CODEWITHSUNDEEP
javamongodbbulkinsertmongodb-java
lmo
lmo

Reputation: 547

MongoDB Java: how to get write error document?

I'm inserting 1000 documents in mongodb 3.6 at once using an unordered bulk via mongodb java api 3.6.1 and the method insertMany(List<Document>). 

try {
    collection.insertMany(docs);
} catch (MongoBulkWriteException e) {
    // e is :
   // Bulk write operation error on server myserver.com:27011. Write errors: [BulkWriteError{index=0, code=11000, message='E11000 duplicate key error collection: foodb.bar index: bar.id_1 dup key: { : 1 }', details={ }}].     
}

Let's say only one document triggered a duplicate key error.

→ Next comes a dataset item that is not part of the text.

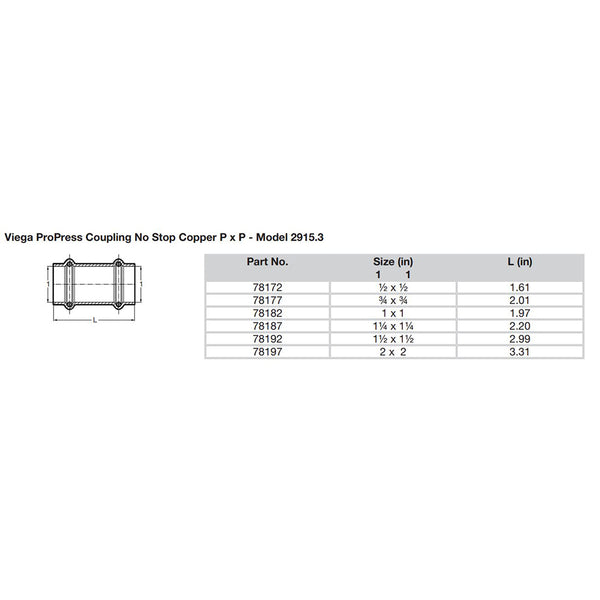 ProPress 1-1/2" Copper Coupling without Stop - Double Press Connection - Smart Connect Technology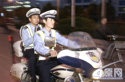 昨晚,特巡五大队民警在北环辅道上巡逻。晚报记者周甬图

All others 999 documents were successfully inserted.
How can I know which document triggered the error ?

Of course when getting the duplicate key error, I could search my list of documents with the bar.id that was duplicated but it's inconvenient (it means parsing the WriteError message...) and if there is two documents with the same bar.id in the List<Document>, it's almost impossible to know which triggered the error without asking the db.

Thanks

Upvotes: 2

Views: 2290

Answers (1)

glytching
glytching

Reputation: 47895

MongoBulkWriteException contains a List<BulkWriteError>, each failed write will be represented by an element in this list. Each element in this list contains an index attribute which is populated with the index of the element in the supplied list of documents.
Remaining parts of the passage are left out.